For us lots of lube, forplay, and different postions help.
post #4 of 6
I had an episiotomy (which I often refer to as the violation as it was done against my demands) which took a little over a year to completely heal. I agree that nursing can put a damper on things, too. Don't blame yourself. Prepping the perineal tissue is helpful for some/not for others. I don't think it has even been proven to make all that much difference. I have a friend who did some sort of estrogen cream which she raved about??? For me, it was the tincture of time and a really understanding dh.

On a happier note, w/my second birth, I pushed when I needed to--in the water---no tears!
post #5 of 6
I only had a slight tear, and we had to use lube and go slowly for quite awhile.
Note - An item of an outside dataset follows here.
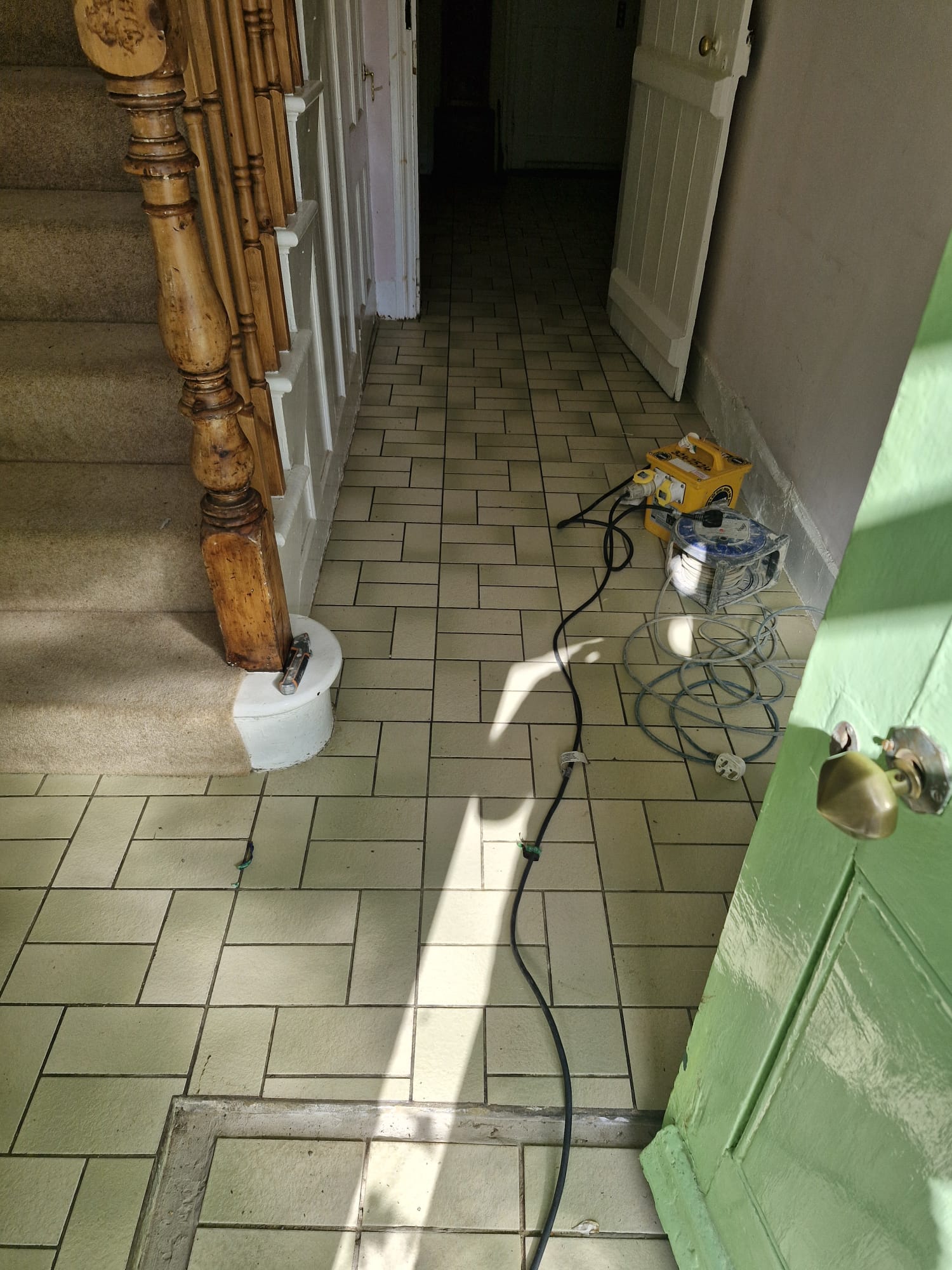 The previous tiles had been down since the 1980’s and were in great condition. It took 2 days to remove the tiles with a breaker, and another 6 days to lay the new tiles and grout.

I can't remember if it was a whole year, but it was at least 8 months or so. And then we were using condoms, which have a lubrication to them. Of course, I also remember laughing at the 'no sex for 2 weeks rule.' 2 weeks - try 2 months! It took quite awhile for me to feel at all ready to even attempt sex.

My SIL had a horrible tear - basically the baby came flying out and actually came out of the pernieum, not her vaginal opening. Her dd is almost 1.5yp, and a few months ago she mentioned that it was still uncomfortable.
post #6 of 6
Just a crazy thought-- try using EPO as a lubricant during sex. EPO helps relax and stretch tissues. We used this method when I was trying to get my baby out. It might just be coincidence but I didn't tear during birth except one tiny one that healed on its own. I have a bad episiotomy scar from my first birth and I think that all that use of EPO helped to make it stretch during childbirth. So it might help during sex too.

P.S. The tiny tear in my last birth was on the side, not anywher near my old scar, and was from baby's head coming out crooked.